Severe alpha-1 antitrypsin (AAT) deficiency is a proven genetic risk factor for COPD, but there is marked variation in the development of COPD among AAT deficient subjects. To investigate familial aggregation of lung function in subjects with AAT deficiency, we estimated heritability for forced expiratory volume in 1 s (FEV1) and FEV1/forced vital capacity (FVC) in 378 AAT deficient subjects from 167 families in the AAT Genetic Modifiers Study; all subjects were verified homozygous for the Z AAT deficiency allele. Heritability was evaluated for models that included and excluded an ascertainment correction, as well as for models that excluded, included and were stratified by a cigarette smoking covariate. In models without an ascertainment correction, and in all models without a covariate for smoking, no evidence for familial aggregation of lung function was observed. In models conditioned on the index proband with covariates for smoking, post-bronchodilator FEV1/FVC demonstrated significant heritability (0.26 +/- 0.14, p = 0.03). When we limited the analysis to subjects with a smoking history, post-bronchodilator FEV1 demonstrated significant heritability (0.47 +/- 0.21, p = 0.02). Severity rate phenotypes were also assessed as potential phenotypes for genetic modifier studies. Significant heritability was found with all age-of-onset threshold models that included smoking and ascertainment adjustments. Using the t-distribution, the heritability estimates ranged from 0.43 to 0.64, depending on the age-of-onset of FEV1 decline used for the severity rate calculation.
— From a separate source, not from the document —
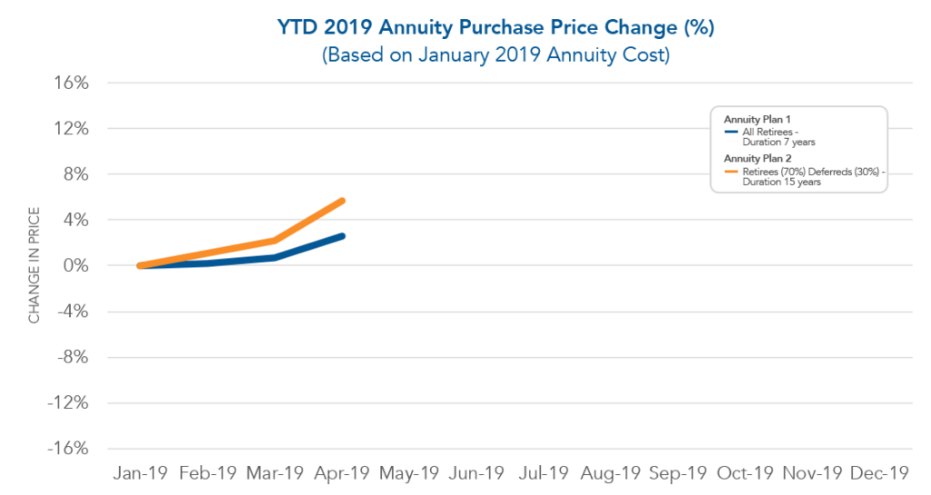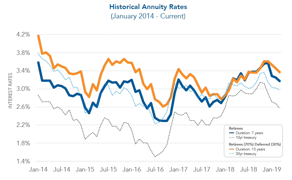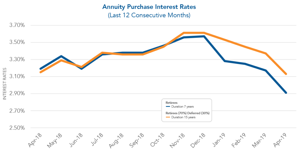 The first quarter of 2019 shows a noticeable drop in annuity purchase interest rates. However, our experiences during the first quarter have shown that insurers are pricing annuity purchases aggressively. Annuity purchase prices have not risen as much as expected based on the drop in interest rates, yet we do not know how long this favorable aggressive pricing from insurers will last.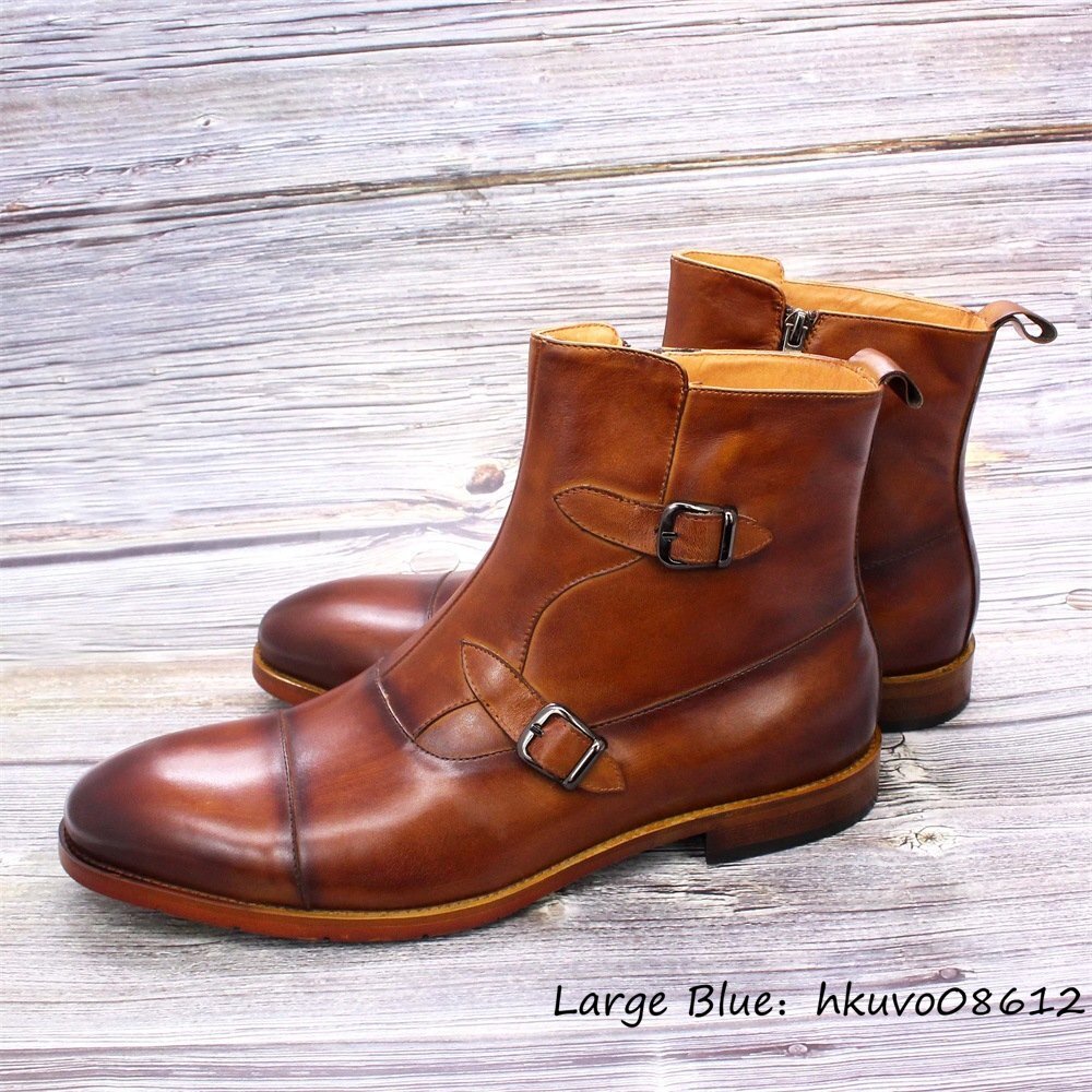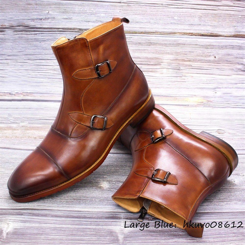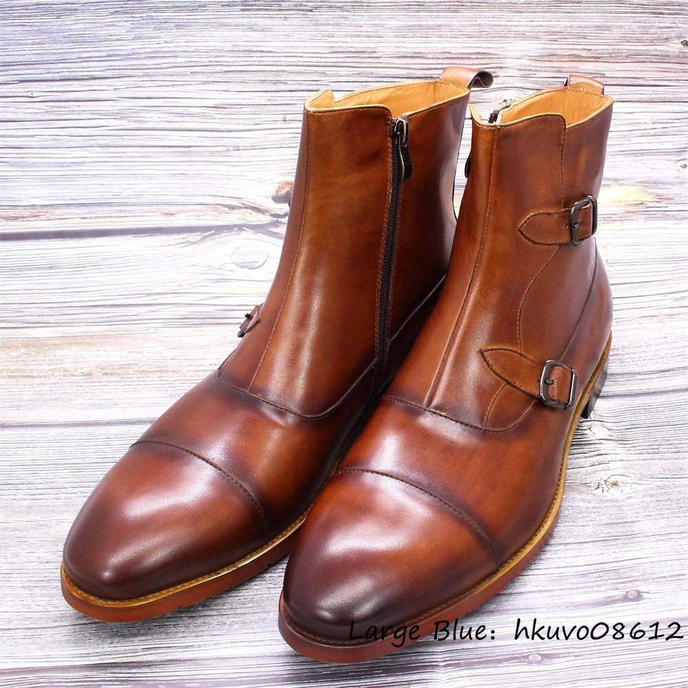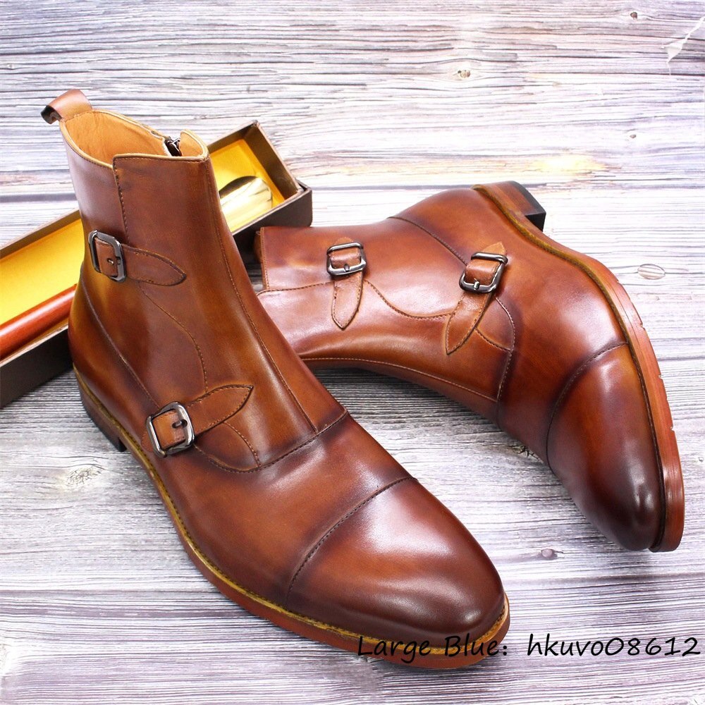 定価12万■ショートブーツ 最高級エンジニアブーツ マーティンブーツ 牛革ビジネスシューズ 職人手作り 本革 レザーブーツ ブラウン 24.5cm

Correction for ascertainment and consideration of gene-by-smoking interactions will be crucial for the identification of genes that may modify susceptibility for COPD in families with AAT deficiency.

摘要

严重的α1抗胰蛋白酶(AAT)缺乏是慢性阻塞性肺疾病(COPD)已被证实的遗传危险因素,但在AAT缺乏的受试者中,COPD的发病情况存在显著差异。为了研究AAT缺乏受试者肺功能的家族聚集性,我们在AAT基因修饰研究中,对来自167个家庭的378名AAT缺乏受试者的1秒用力呼气容积(FEV1)和FEV1/用力肺活量(FVC)的遗传力进行了估计;所有受试者均被证实为Z型AAT缺乏等位基因的纯合子。对包括和排除确定校正的模型,以及排除、包括吸烟协变量并按其分层的模型进行了遗传力评估。在没有确定校正的模型中,以及在所有没有吸烟协变量的模型中,未观察到肺功能家族聚集的证据。在以吸烟协变量为条件的先证者模型中,支气管扩张剂后FEV1/FVC显示出显著的遗传力(0.26±0.14,p = 0.03)。当我们将分析限于有吸烟史的受试者时,支气管扩张剂后FEV1显示出显著的遗传力(0.47±0.21,p = 0.02)。严重程度率表型也被评估为基因修饰研究的潜在表型。在所有包括吸烟和确定校正的发病年龄阈值模型中均发现了显著的遗传力。根据用于严重程度率计算的FEV1下降的发病年龄,使用t分布,遗传力估计值范围为0.43至0.64。确定校正以及基因与吸烟相互作用的考虑对于识别可能改变AAT缺乏家族中COPD易感性的基因至关重要。